ENTRIES PROVIDED:
• • •

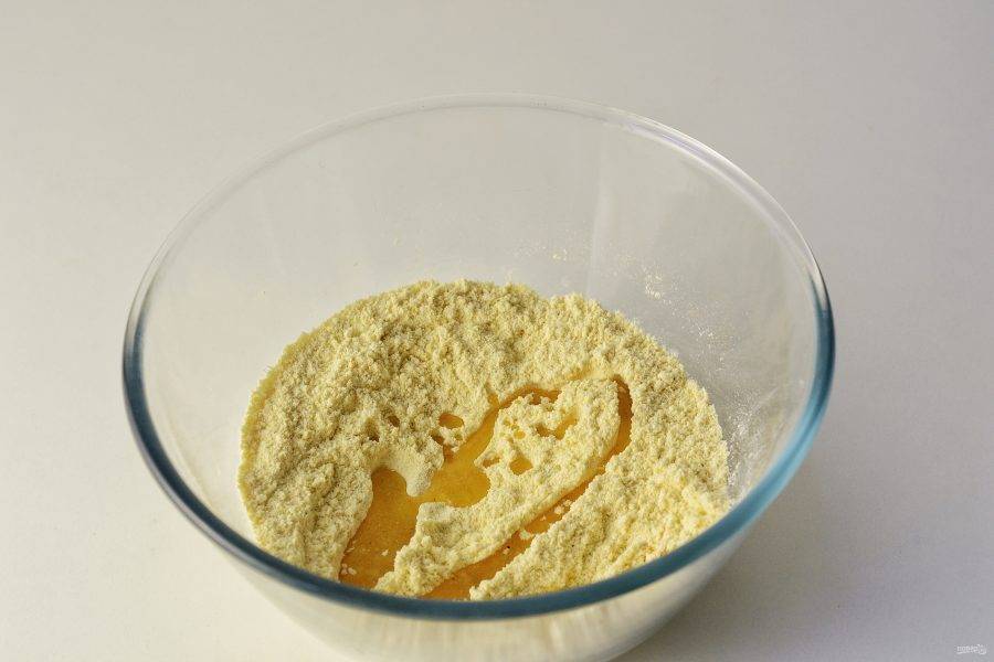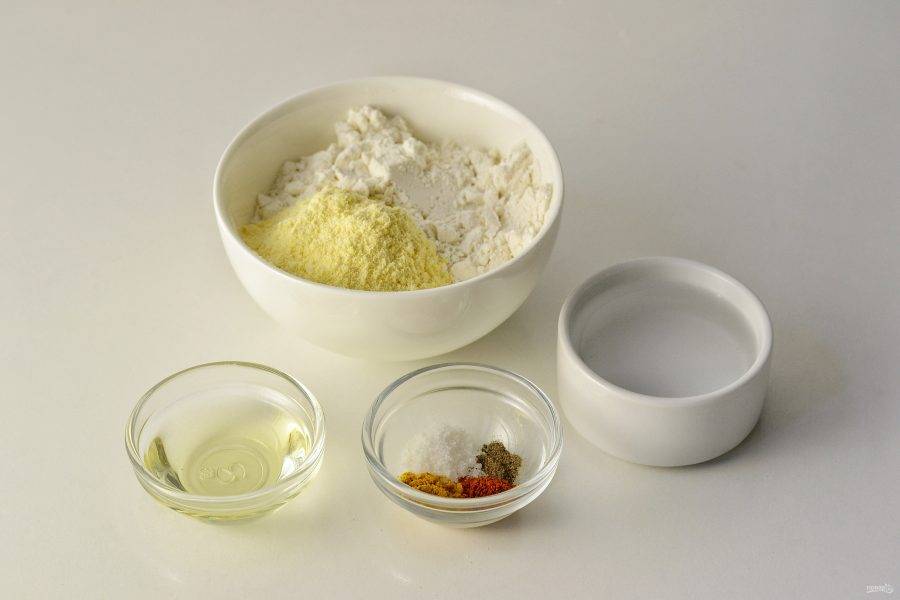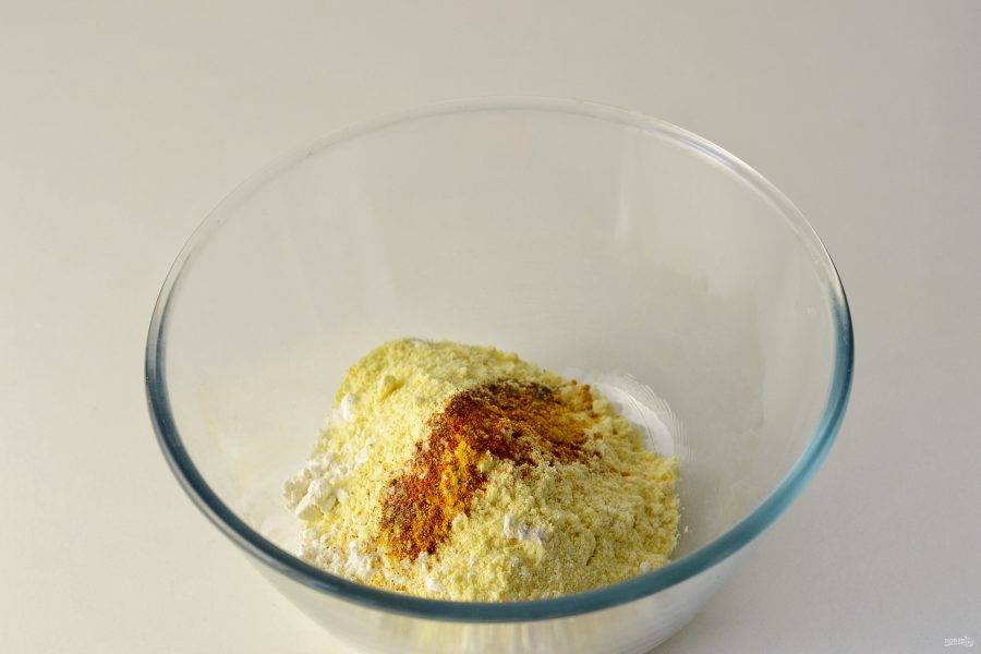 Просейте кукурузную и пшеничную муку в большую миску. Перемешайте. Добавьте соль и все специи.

• • •

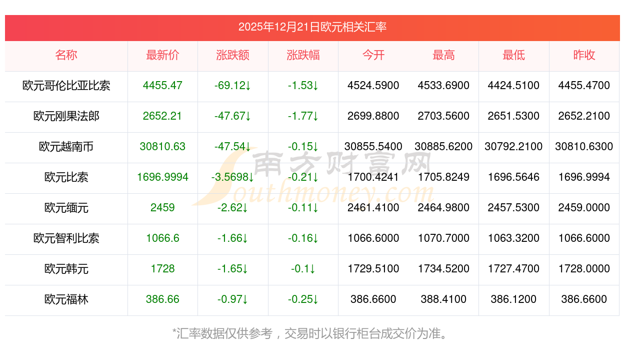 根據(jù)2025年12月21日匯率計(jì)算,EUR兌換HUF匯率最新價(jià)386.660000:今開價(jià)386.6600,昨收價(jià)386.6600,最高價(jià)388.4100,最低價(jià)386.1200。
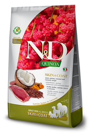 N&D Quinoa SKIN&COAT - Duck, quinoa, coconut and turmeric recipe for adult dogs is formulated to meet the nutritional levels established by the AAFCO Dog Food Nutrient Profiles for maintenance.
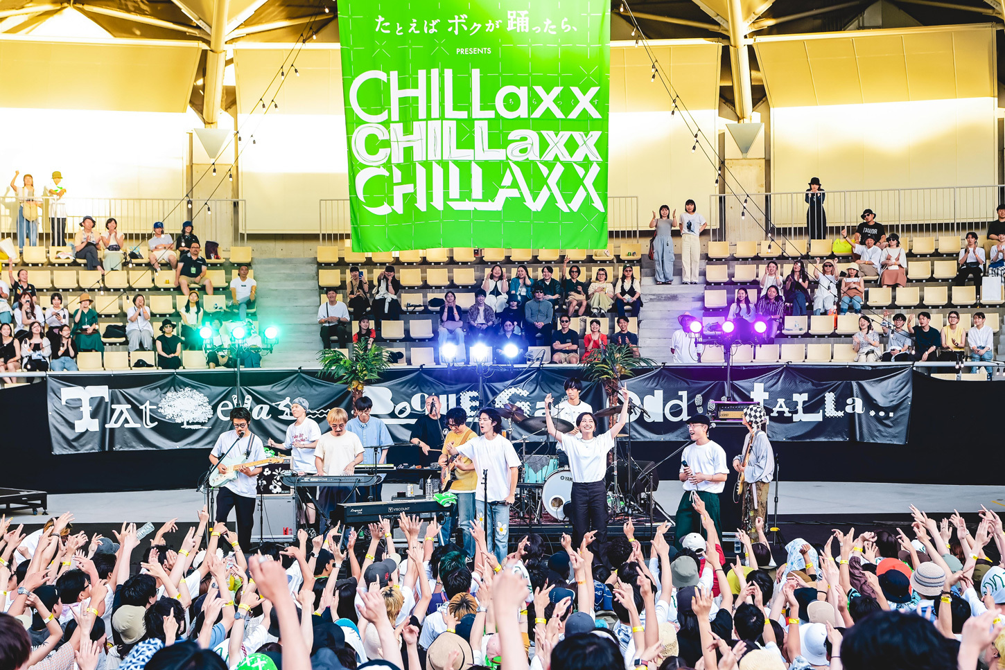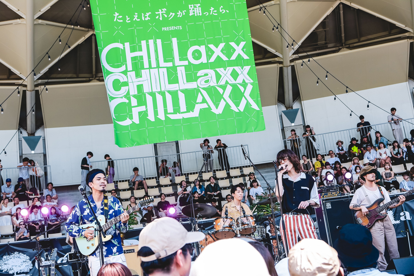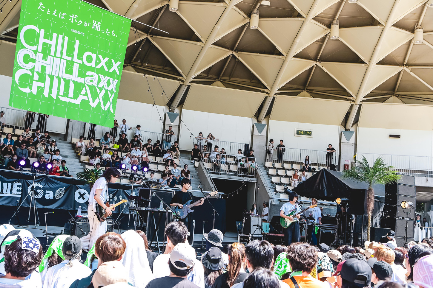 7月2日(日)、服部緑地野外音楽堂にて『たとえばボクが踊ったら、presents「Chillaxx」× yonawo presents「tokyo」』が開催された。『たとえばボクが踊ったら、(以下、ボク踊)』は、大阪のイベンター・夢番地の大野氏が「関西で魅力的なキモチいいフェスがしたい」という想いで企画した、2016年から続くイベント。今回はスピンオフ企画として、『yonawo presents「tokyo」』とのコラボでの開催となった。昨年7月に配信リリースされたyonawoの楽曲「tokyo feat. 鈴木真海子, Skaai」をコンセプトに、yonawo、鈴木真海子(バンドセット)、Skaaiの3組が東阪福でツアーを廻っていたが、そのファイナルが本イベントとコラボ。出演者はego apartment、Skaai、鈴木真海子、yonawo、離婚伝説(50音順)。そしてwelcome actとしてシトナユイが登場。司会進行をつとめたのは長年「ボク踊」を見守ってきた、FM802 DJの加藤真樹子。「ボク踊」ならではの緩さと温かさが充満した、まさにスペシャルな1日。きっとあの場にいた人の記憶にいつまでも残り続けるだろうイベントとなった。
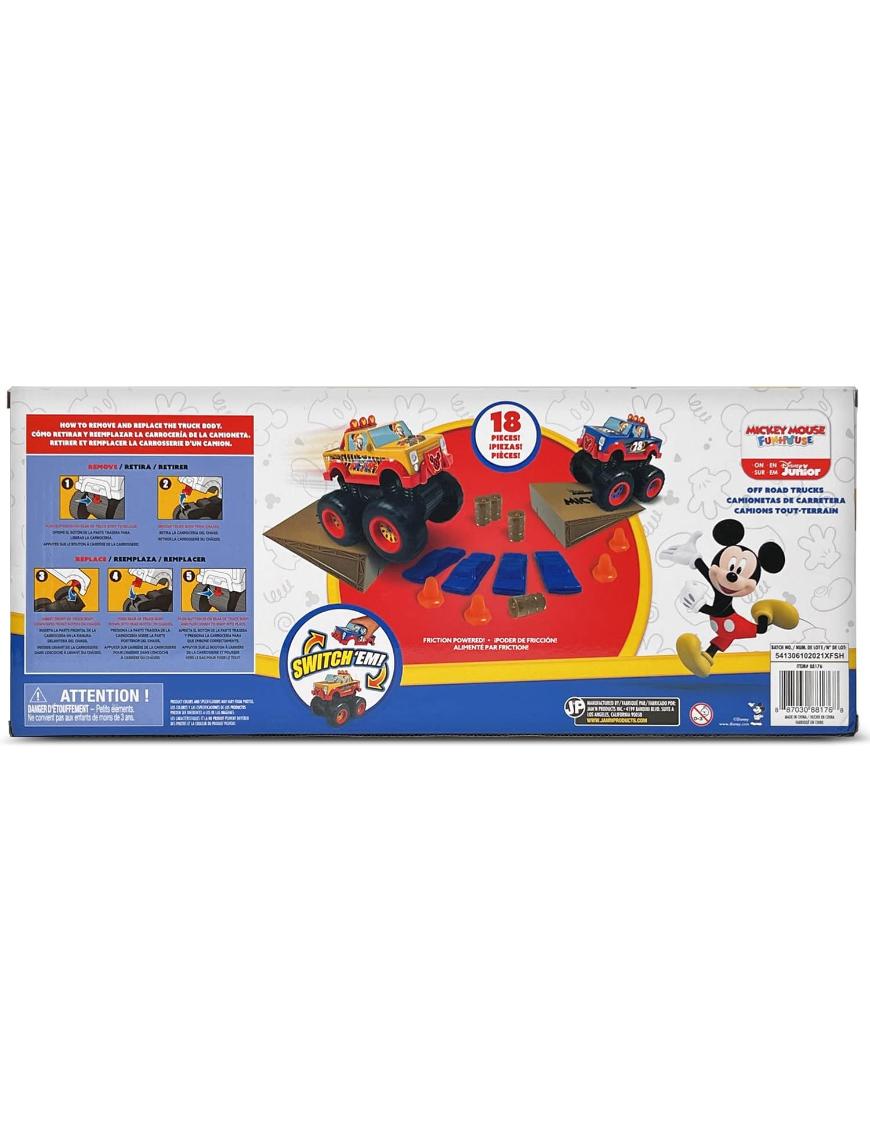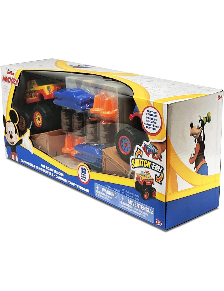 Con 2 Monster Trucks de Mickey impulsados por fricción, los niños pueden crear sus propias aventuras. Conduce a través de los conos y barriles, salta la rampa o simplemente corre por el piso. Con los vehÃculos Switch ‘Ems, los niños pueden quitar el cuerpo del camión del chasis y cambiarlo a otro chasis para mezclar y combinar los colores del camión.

• • •

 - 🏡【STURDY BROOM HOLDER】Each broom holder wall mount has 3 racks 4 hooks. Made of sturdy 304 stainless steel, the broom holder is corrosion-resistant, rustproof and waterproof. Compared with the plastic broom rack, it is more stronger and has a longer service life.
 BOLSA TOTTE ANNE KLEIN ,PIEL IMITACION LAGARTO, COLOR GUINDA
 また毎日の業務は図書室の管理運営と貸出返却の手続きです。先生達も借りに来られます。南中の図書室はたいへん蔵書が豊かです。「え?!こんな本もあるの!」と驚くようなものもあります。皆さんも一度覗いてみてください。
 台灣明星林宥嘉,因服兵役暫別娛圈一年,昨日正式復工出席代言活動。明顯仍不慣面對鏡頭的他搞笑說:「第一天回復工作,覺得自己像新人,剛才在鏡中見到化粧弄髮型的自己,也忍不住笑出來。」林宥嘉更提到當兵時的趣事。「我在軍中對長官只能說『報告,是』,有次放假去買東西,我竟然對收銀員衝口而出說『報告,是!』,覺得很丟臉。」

• • •

EXERCISE DESCRIPTION:
Would you print exactly and only the lines of the material above that run from the line with "- 🏡【STURDY BROOM" through the line with "台灣明星林宥嘉,因服兵役暫別", both included?

OUTPUT:
 - 🏡【STURDY BROOM HOLDER】Each broom holder wall mount has 3 racks 4 hooks. Made of sturdy 304 stainless steel, the broom holder is corrosion-resistant, rustproof and waterproof. Compared with the plastic broom rack, it is more stronger and has a longer service life.
 BOLSA TOTTE ANNE KLEIN ,PIEL IMITACION LAGARTO, COLOR GUINDA
 また毎日の業務は図書室の管理運営と貸出返却の手続きです。先生達も借りに来られます。南中の図書室はたいへん蔵書が豊かです。「え?!こんな本もあるの!」と驚くようなものもあります。皆さんも一度覗いてみてください。
 台灣明星林宥嘉,因服兵役暫別娛圈一年,昨日正式復工出席代言活動。明顯仍不慣面對鏡頭的他搞笑說:「第一天回復工作,覺得自己像新人,剛才在鏡中見到化粧弄髮型的自己,也忍不住笑出來。」林宥嘉更提到當兵時的趣事。「我在軍中對長官只能說『報告,是』,有次放假去買東西,我竟然對收銀員衝口而出說『報告,是!』,覺得很丟臉。」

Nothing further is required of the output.